Gassmann W, Pralle H, Haferlach T, Pandurevic S, Graubner M, Schmitz N, Löffler H
Br J Haematol. 1985 Apr;59(4):703-11. doi: 10.1111/j.1365-2141.1985.tb07366.x.
In 152 patients with multiple myeloma who had been treated with cytostatic agents the prognostic value of seven staging systems was evaluated: Carbone et al (1967); Acute Leukemia Group B (ALGB) and Eastern Cooperative Oncology Group (ECOG) (Costa et al, 1973); Southeastern Cancer Study Group (SECSG) (1975); Durie & Salmon (1975); Alexanian et al (1975); Merlini et al (1980); British Medical Research Council (1980). The staging systems of the ALGB (Costa et al, 1973) and SECSG (1975), both dividing patients into 'good risk' and 'poor risk' groups, showed significantly different survival curves. Nevertheless, despite statistical significance the observed differences were rather small. In the systems of Carbone et al (1967), Merlini et al (1980), Alexanian et al (1975) and Durie & Salmon (1975) some of the differences in the survival curves were statistically significant while others were not.
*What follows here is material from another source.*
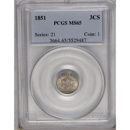 <B>1851<3CS> MS65 PCGS.</B></I> Both sides are veiled in pastel beige-gold, ice-blue, and lilac patina, and the strike is well above average for the issue, particularly on the border elements. A few minute reverse handling marks are noted. Each side drips with luster.

Our data best fitted into the British Medical Research Council (1980) staging system, the survival curves of all three stages showing significant differences, with median survival time dropping from 83 months in stage A to 52 months in stage B and 26 months in stage C. Nevertheless, none of those systems was clearly superior to single risk factors, especially creatinine and haemoglobin.
在152例接受细胞抑制剂治疗的多发性骨髓瘤患者中,评估了七种分期系统的预后价值:卡尔博内等人(1967年);急性白血病B组(ALGB)和东部肿瘤协作组(ECOG)(科斯塔等人,1973年);东南部癌症研究组(SECSG)(1975年);杜里和萨尔蒙(1975年);阿列克萨尼安等人(1975年);梅尔利尼等人(1980年);英国医学研究委员会(1980年)。ALGB(科斯塔等人,1973年)和SECSG(1975年)的分期系统都将患者分为“低风险”和“高风险”组,其生存曲线显示出显著差异。然而,尽管具有统计学意义,但观察到的差异相当小。在卡尔博内等人(1967年)、梅尔利尼等人(1980年)、阿列克萨尼安等人(1975年)和杜里与萨尔蒙(1975年)的系统中,生存曲线的一些差异具有统计学意义,而其他差异则没有。我们的数据最符合英国医学研究委员会(1980年)的分期系统,所有三个阶段的生存曲线均显示出显著差异,中位生存时间从A期的83个月降至B期的52个月和C期的26个月。然而,这些系统中没有一个明显优于单一风险因素,尤其是肌酐和血红蛋白。